Het is genoegzaam bekend: radio werd in de eerste plaats uitgevonden om de eenzaamheid en ongehoorzaamheid van schippers, matrozen en ander gespuis enigszins binnen de perken te houden.
Tot men op het geniale idee kwam om zich van eventuele luisteraars of andersoortige bestemmelingen niks aan te trekken en naar believen auditieve fragmenten de ether in te gooien. De besnorde Fries Hans Henricus Schotanus à Steringa Idzerda was zo iemand. Hij maakte op 6 november 1919 zijn eerste uitzending, en kon na deze magische ervaring niet meer stoppen. Het eerste radiostation was een feit. Vijf jaar eerder was het Koninkrijk België verantwoordelijk voor de eerste radio-uitzending die naam waardig: een liveconcert vanuit het Koninklijk Paleis.
Is het ontstaan van radio-uitzendingen al een historische gebeurtenis op zich, het ontstaan van luistercijfers is dat des te meer. Die bewuste 28 maart 1914 werden de eerste cijfergegevens ten behoeve van de koning verzameld: ‘poste radiotélégraphique de Laeken: 26 auditeurs’. Deze baanbrekende meting verliep al bij al eenvoudig: er werd gewoon op voorhand bij koninklijk besluit vastgelegd wie er zou luisteren.

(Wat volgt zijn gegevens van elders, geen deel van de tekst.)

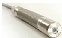
P340 1"/25mm camera

The sonde and locator package is the essential tool to pinpoint pipe location and depth. Locate the sonde with the RD7000DL+ locator. Refer to the P340 flexiprobe brochure for more information.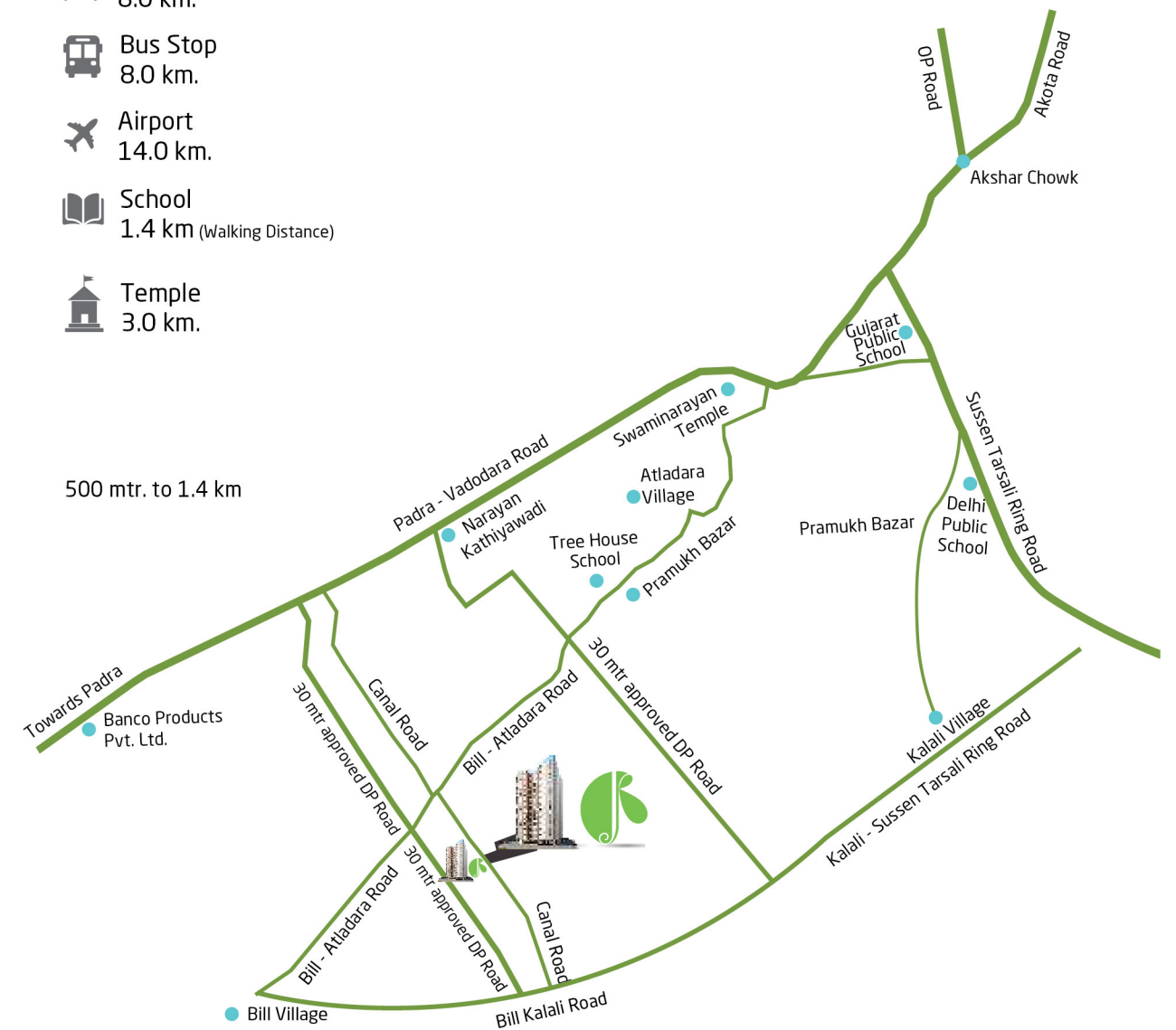
Map is representative only and may not be accurate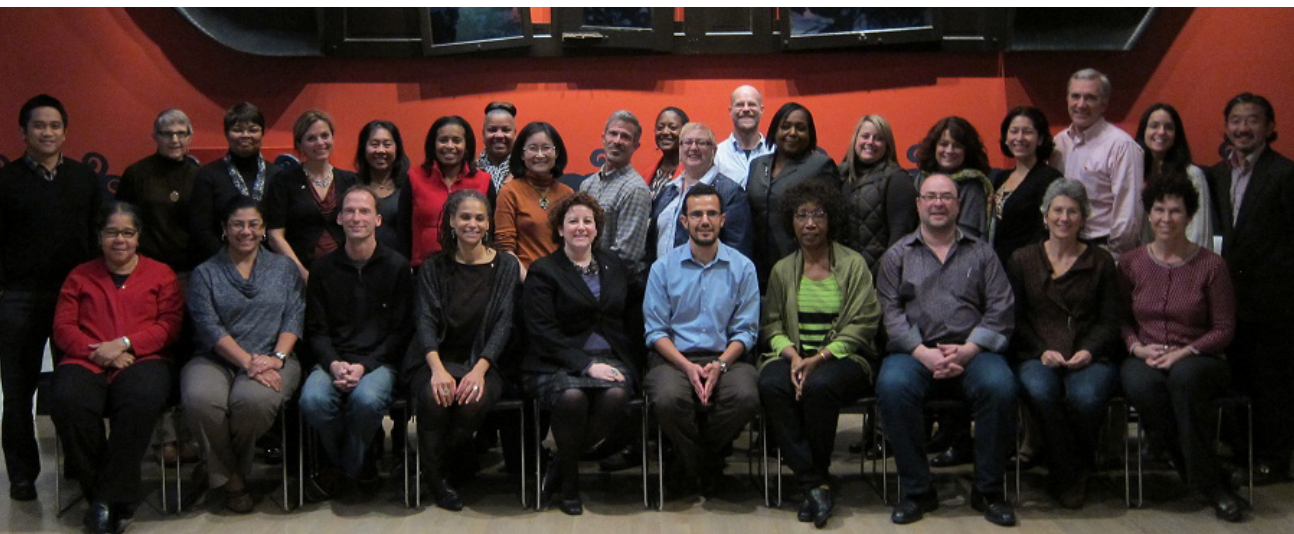
LEFT: The Inter Branch Team, King County, WA.

Ultimately, the goal of the Core Team is to reach and engage all units and levels of an institution—and every employee—in using a racial equity framework (analysis, tools and strategies) in their daily work and routine decisions. The work of racial equity is critical to the mission of any government jurisdiction that truly wishes to engage and serve all of its constituents fully and fairly. By doing so, jurisdictions can move from being passively part of the problem to actively part of the solution. When the Core Team increasingly and continually embeds the vision and values of equity in all facets of governance, an inclusive democracy and an equitable community become possible.

In de pioniersjaren werd de verkoop van radiotoestellen nog enigszins beperkt. Wie er een wilde kopen, moest een bewijs van goed gedrag en zeden kunnen voorleggen – viezeriken hoefden niet naar de radio te luisteren, zo oordeelde men terecht. Er werd ook een taks geheven, met de stemmige naam ‘luistergeld’. Maar het mocht allemaal niet baten. Na verloop van tijd had elk zichzelf respecterend gezin een toestel in huis.
Adverteerders zagen al snel het potentieel van dit nieuwe medium, een product van de vooruitgang dat in de Lage Landen alleen al dagelijks miljoenen luisteraars kon bereiken. Al weet je dat natuurlijk nooit zeker, dat van die miljoenen. Etherradio blijft eenrichtingsverkeer. Het was dan ook slechts een kwestie van tijd voordat een overijverige adverteerder plots de fatale en hoogst pijnlijke vraag stelde: ‘Hoeveel luisteraars hebben jullie eigenlijk?’
Dat ene zinnetje stuwde de vraag naar marktonderzoek meteen exponentieel de hoogte in. Vooral duur en complex onderzoek bleek erg in trek. Dikke rapporten vol begrippen uit de statistiek werden gretig verkocht, en beloofden dankzij de techniek der extrapolatie – één van de mooiste statistische uitvindingen – honderdduizenden, ja miljoenen luisteraars aan diverse radiozenders en hun adverteerders. En dat allemaal dankzij een klein maar gewaardeerd deel van het luisterpubliek: de Respondenten. Maar wie zijn zij precies?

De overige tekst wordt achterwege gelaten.